The exhibition at the Schirn covers over half a century of Miró’s oeuvre, beginning with his emblematic painting The Farm / La Ferme (1921/22), continuing with his iconic dream paintings of the 1920s, his key work Painting (The Magic of Colour) / Peinture (La Magie de la couleur) from 1930, his works and frieze formats painted on unconventional grounds in the 1940s and 1950s and ending with the artist’s late works, such as the monumental triptych Blue I–– III / Bleu I––III (1961) and the extraordinary Painting I––III / Peinture I––III (July 27, 1973). The Schirn exhibition brings together around 50 works from important museums and public collections across the world, including the Solomon R. Guggenheim Museum, New York, the National Gallery of Art, Washington D.C., the Museo Reina Sofía, Madrid, and the Centre Pompidou, Paris, as well as important private collections, and aims to present a new approach to Miró’s art.

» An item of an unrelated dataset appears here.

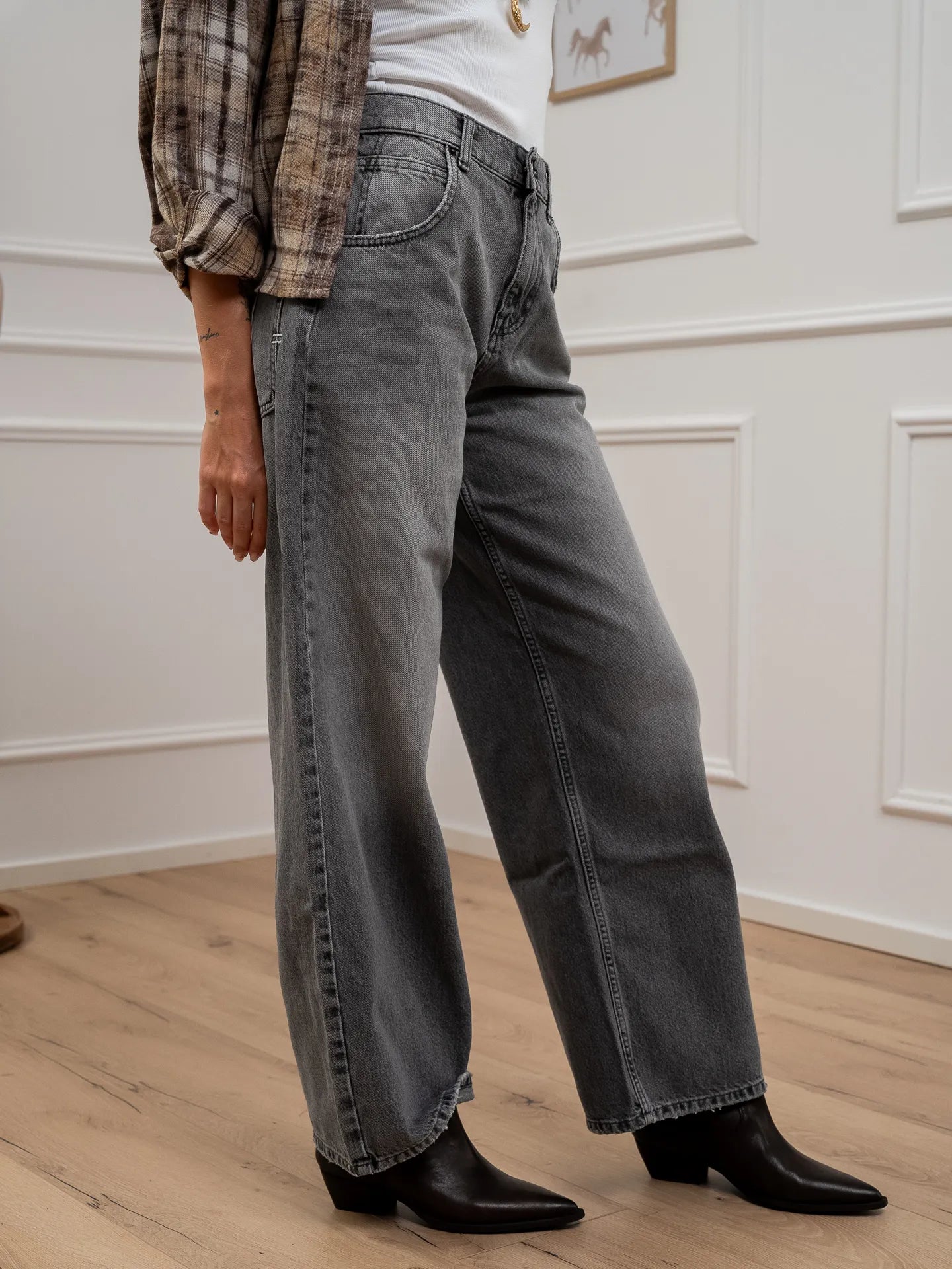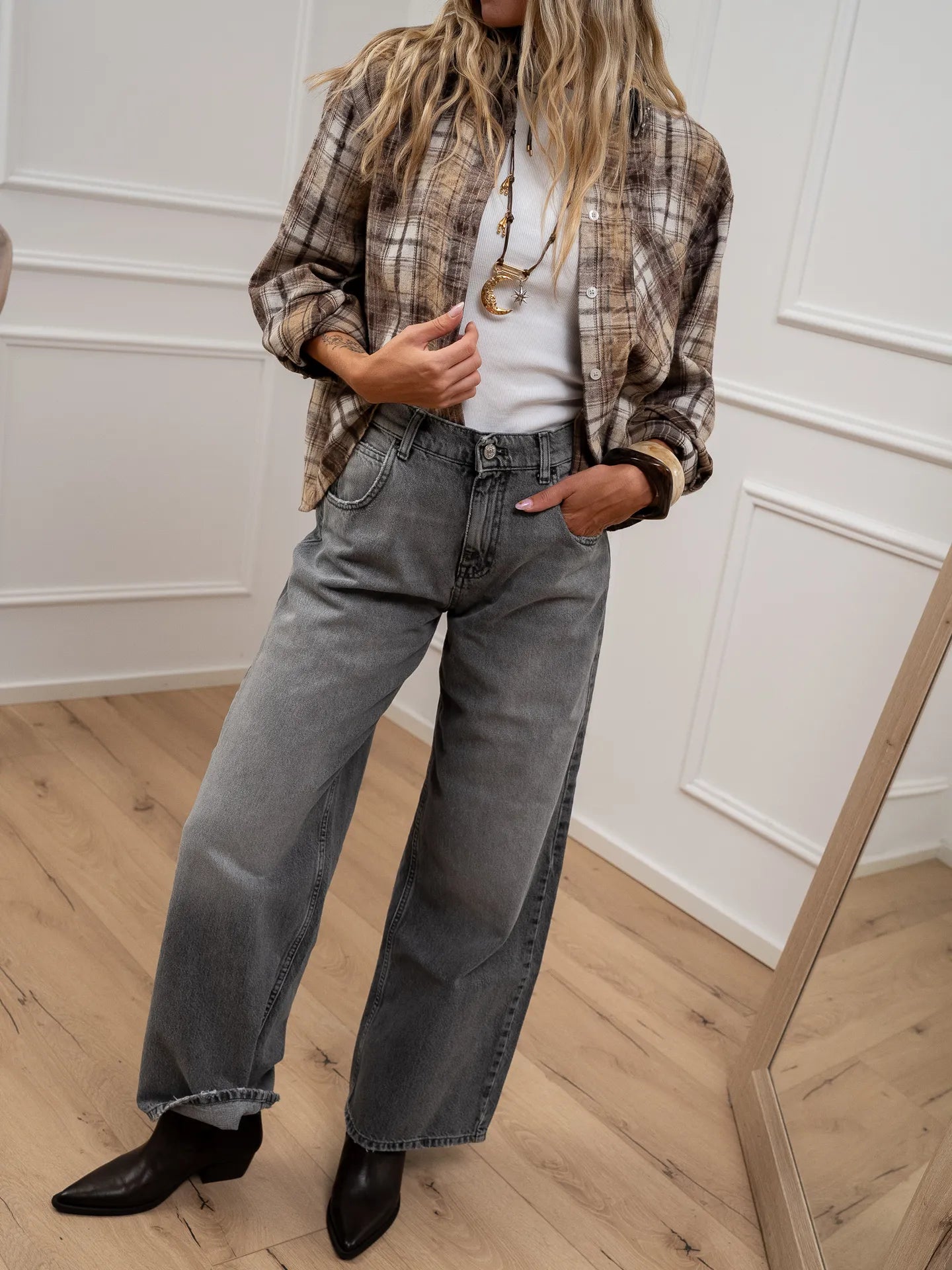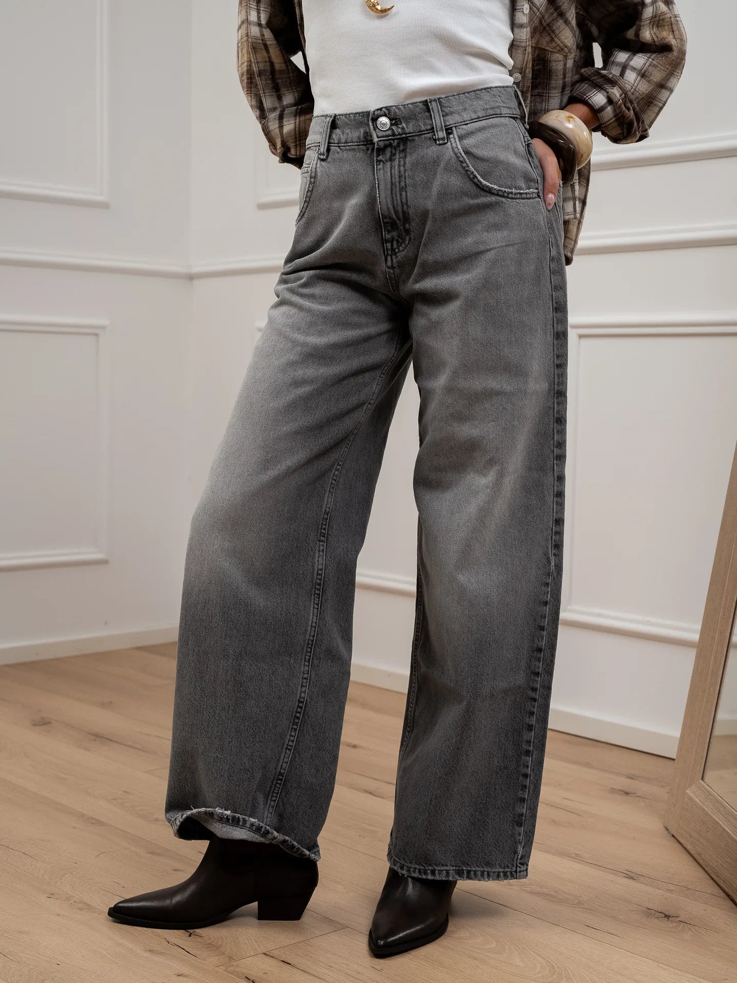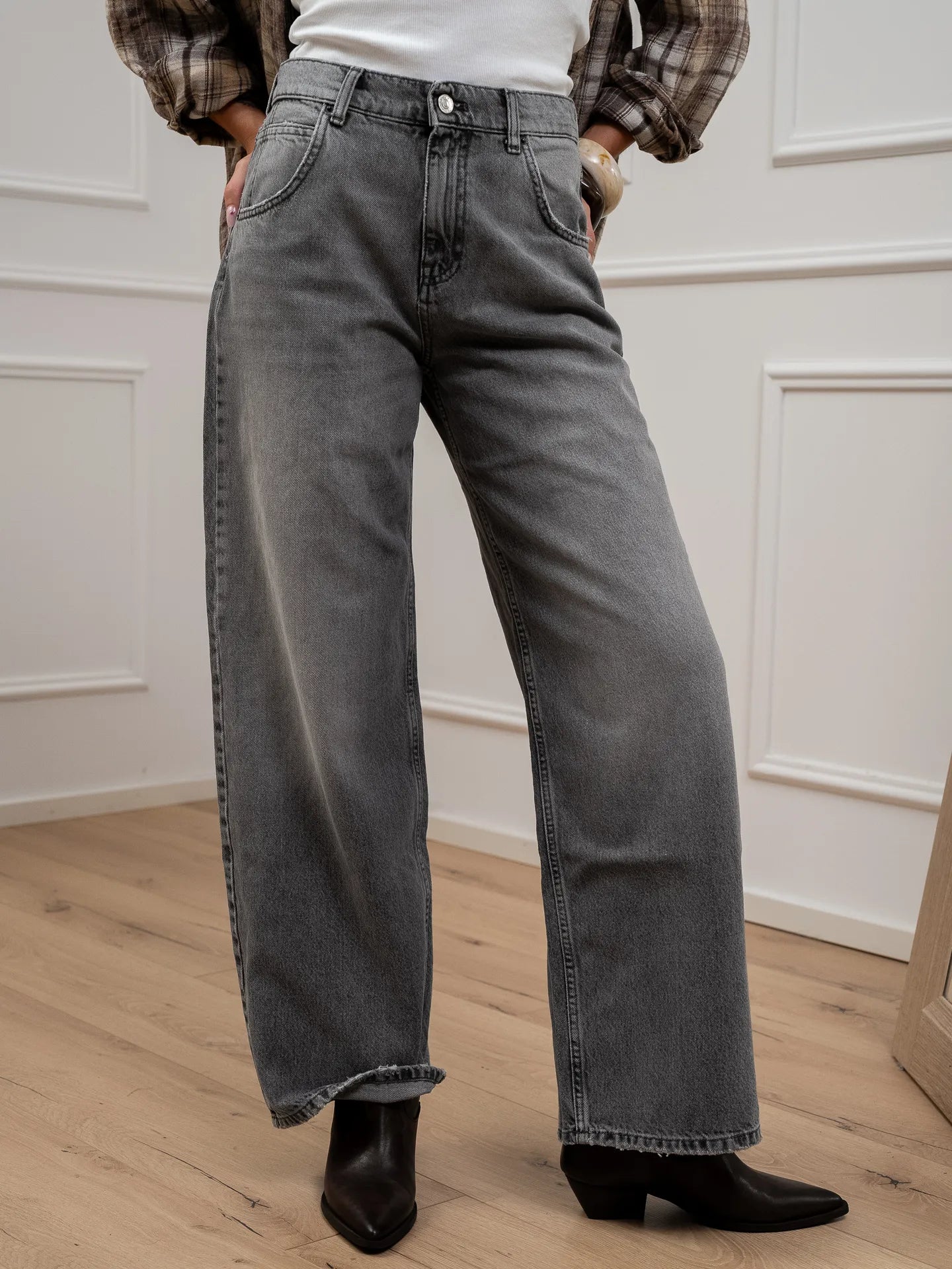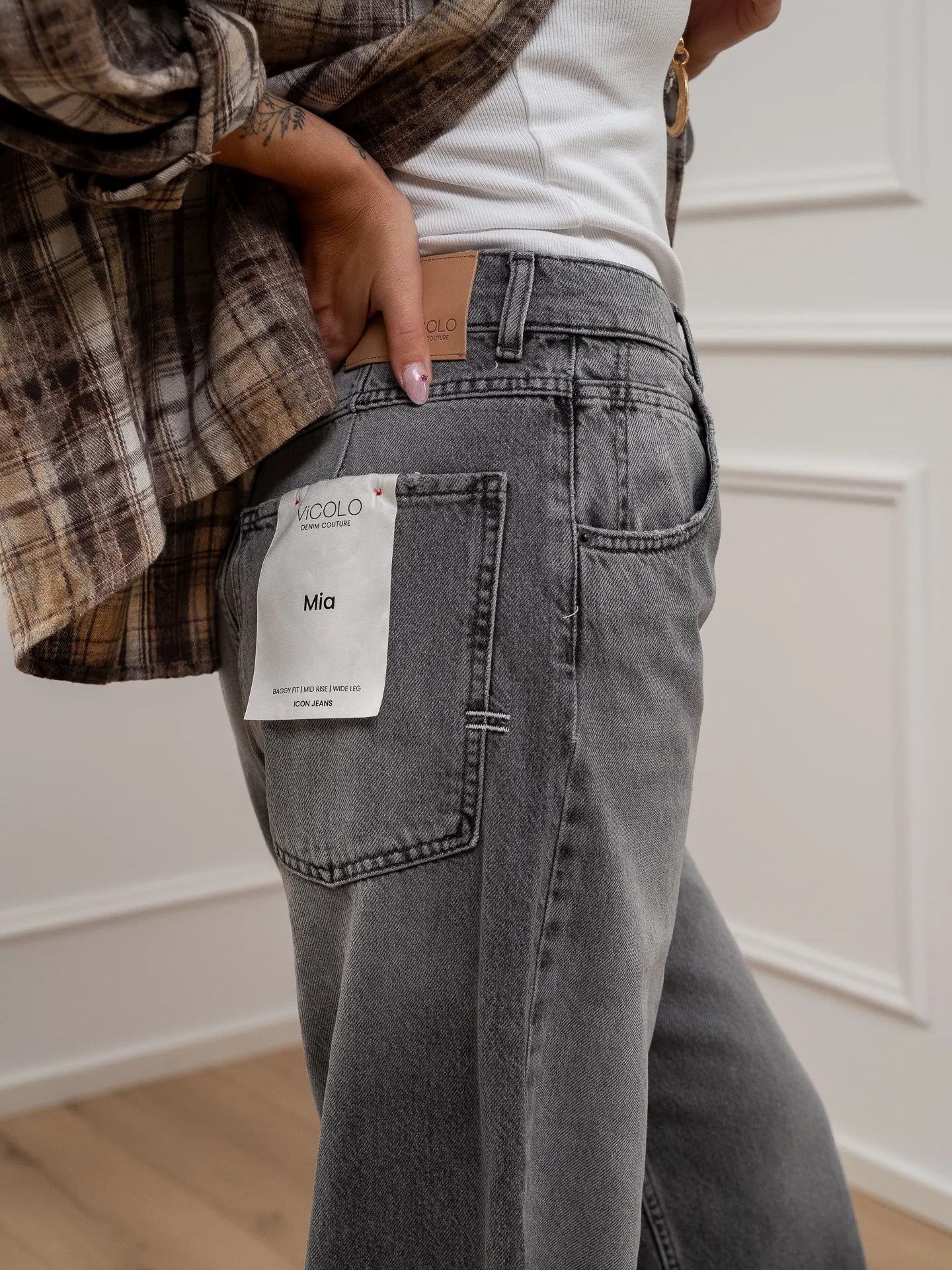 Jeans Mia in tinto capo color grigio Vicolo. Modello wide leg fit baggy gamba morbida a vita alta, chiusura con zip e bottone in metallo.

Curator Simonetta Fraquelli said of the artist: “Miró viewed both reality and its representation in art in material terms. For him, the wall was thus not merely an object to be depicted: its materiality also dictated the intensely physical, tactile quality of his images. In this way, the matter of reality corresponded to the matter of his paintings. This move away from a straightforward reproduction of reality to the equation of the picture plane with a wall informed his work from the outset.”
In the mid-1920s, Miró dripped and splashed paint onto blue grounding in order to create the impression of old, weather-worn walls. This process resulted in paintings reminiscent of graffiti, such as Painting Poem (Stars in the Sexes of Snails) / Peinture-Poème (Étoiles en des sexes d’escargot) (1925) or Spanish Flag / Drapeau espangnol (1925).
Miró often worked in series, and certain formats recurred throughout his entire oeuvre. Along with blue painting grounds, brown ones form the second largest group of paintings. The exhibition includes the exceptional paintings Blue / Bleu (1925) and some of his widely acclaimed dream paintings, such as Painting (Figures: The Fratellini Brothers) / Peinture (Personnages: Les frères Fratellini) made in 1927. The bright blue colour used in these works is captivating and characterizes many of his canvases well into the 1960s, including the visually stunning tryptic Blue I––III / Bleu I-III (1961), over three meters in width, and the frieze-like Painting (For David Fernández Miró) / Peinture (Per a David Fernández Miró) (November 28, 1964). The colour blue in these and other works has often been read as alluding to the sky. Yet the artist himself associated blue with memories of the walls of farm houses in his native Catalonia, which had been splashed with blue vitriol wash.